Pj. Wali Kota Kendari, Asmawa Tosepu (kanan) didampingi Kapolresta Kendari, Kombes Pol M Eka Faturrahman (kiri) saat diwawancarai wartawan terkait deklarasi anti tawuran dan kekerasan. Foto : Andi Adnan/sultrapedia.com. Sultrapedia.com – Guna mencegah aksi tawuran antarpelajar, Pemerintah Kota (Pemkot) Kendari bersama Forum Kordinasi Pimpinan Daerah (Forkopimda) laksanakan deklarasi anti tawuran dan kekerasan, di ruang pola, Rabu 25 Januari 2023.
Penjabat (Pj) Wali Kota Kendari, Asmawa Tosepu mengatakan, frekuensi kasus tawuran antarpelajar di Kota Kendari pada tahun 2022 cenderung memperlihatkan gejala dari waktu ke waktu, sehingga menimbulkan keprihatinan dan keresahan di tengah masyarakat.
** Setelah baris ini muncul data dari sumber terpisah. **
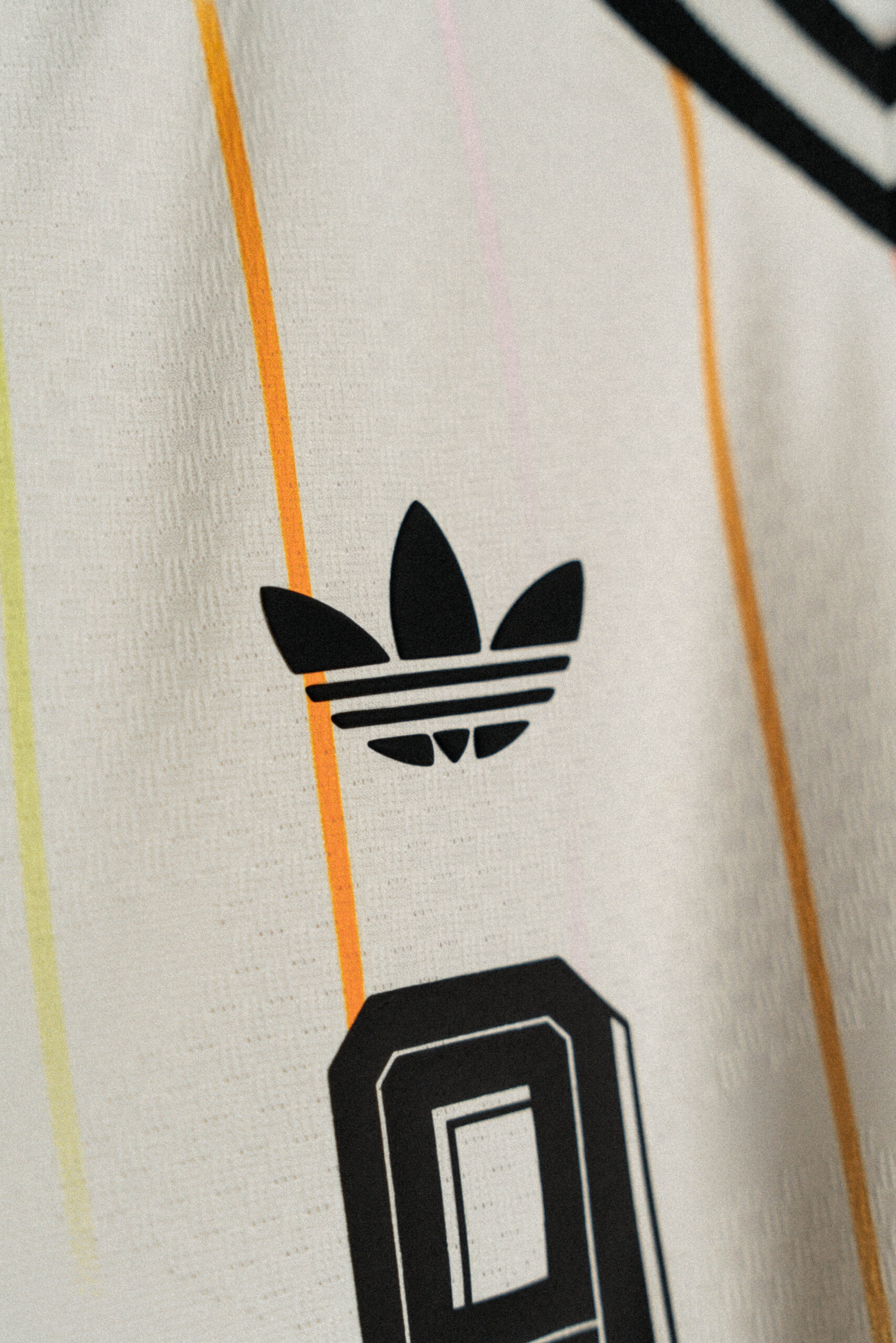 今作最大の衝撃は、アディダスの歴史を象徴する「トレフォイルロゴ(三つ葉)」の採用です。

“Oleh karnanya, Badan Kesbangpol Kota Kendari menyikapi hal ini dengan melaksanakan pencegahan anti tawuran dan kekerasan terhadap pelajar, tentu dengan dukungan berbagai pihak yang ada di Kota Kendari,” ujarnya.
Selanjutnya, Asmawa Tosepu menjelaskan, untuk mewujudkan kedamaian di kalangan pelajar, dibutuhkan peran, solidaritas, sinergitas dan keterpaduan antar seluruh sekolah yang ada di Kota Kendari.
“Walaupun upaya dan langkah – langkah yang kami lakukan sudah maksimal, tanpa dukungan, peran dan sinergi serta kolaborasi berbagai pihak terkait, tentu akan menjadi sia – sia,” ungkapnya.
Di tempat yang sama, Kapolresta Kota Kendari, Kombes Pol M Eka Faturrahman juga mengungkapkan, pihaknya akan turun langsung melakukan sosialisasi ke sekolah-sekolah.
“Kita akan lakukan sosialisasi kepada anak-anak kita di sekolah, agar senantiasa menjaga hubungan yang baik antarpelajar dari sekolah lain,” ungkapnya.
Kapolresta menyebutkan, sosialisasi di satuan Pendidikan itu bisa dilakukan dengan dikemas melalui program Polisi Masuk Sekolah.
“TNI dan Polri akan berkolaborasi dalam melakukan pembinaan di sekolah. Tadi Pak Dandim sudah menyampaikan akan bersama-sama secara door to door,” pungkasnya.